[Little Rock] Old-Line Democrat, August 16, 1860
Great excitement has been caused in Texas, and is spreading throughout the Southern States generally, arising out of a series of conflagrations that have taken place in a portion of that State, and that are properly attributed to abolition incendiaries. When the news of these destructive fires was transmitted over the telegraph it was received with a considerable degree of incredulity, and was pretty generally regarded as a political invention, resorted to for the purpose of inflaming to a more virulent point the passions of the Southern people against their Northern brethren. In election times ordinary events are sometimes taken advantage of, and exaggerated and distorted to suit particular views; and it was supposed that one or two accidental fires in Texas were thus seized upon to give coloring for the charge that abolition emissaries had been sent into that region to seduce slaves to apply the torch to the property of their masters.

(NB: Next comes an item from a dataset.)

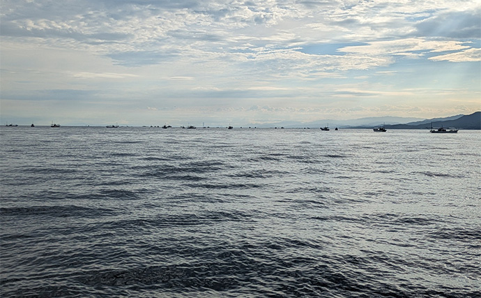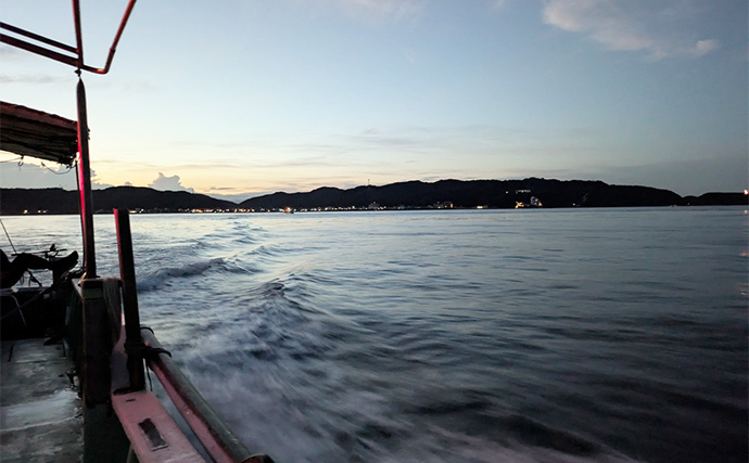 当日は、南風が強く他のエリアでは船止めが聞かれたが、なんの問題もなく出船できるとのこと。悪天候にも強いのが魅力だ。午前5時過ぎ、3人を乗せて河岸払い。釣座は予約順に好きな場所を選ぶので、私は残った左舷ミヨシに釣座をとった。残り物には何とやら……に期待!

It appears, however, that whatever may have been the origin of these fires—whether they occurred through accident or design—they have been very extensive, very destructive, and remarkably coincident in point of time and locality. We publish to-day an extract from one of the New Orleans papers, giving some details on the subject, and we find that on one day (July 8) fires occurred at the following points in Texas
Dallas $300,000
Denton 60,000
Pilot Point 60,000
Milford 100,000
Black Jack Grove, 30,000
Ladonia 25,000
Millwood, 10,000
Near Dallas 5,000
At Waxahachi and at Austin, extinguished without loss.
The fact of these conflagrations taking place simultaneously, and without any accidental cause, so far as known, gives some degree of plausibility to the idea that they were the work of incendiaries, of slaves who were incited by abolitionists of the John Brown school. It is known that the old leader of the Harper’s Ferry insurrection had entertained notions of inaugurating similar movements in several of the cotton States; and therefore there is not so much improbability in the supposition that abolitionist emissaries would penetrate into Texas as might at first appear. It may be that slaves have been tampered with by intermeddling abolitionists, and that, in their newly acquired notions, they may have got the idea that one mode of obtaining their freedom, or at least of obtaining revenge, was to inaugurate an indiscriminate course of incendiarism.
At all events, one thing appears quite certain, that these destructive fires have occurred, and have excited to an alarming extent the feeling of the people of Texas, and of the South generally, against the abolitionism of the North.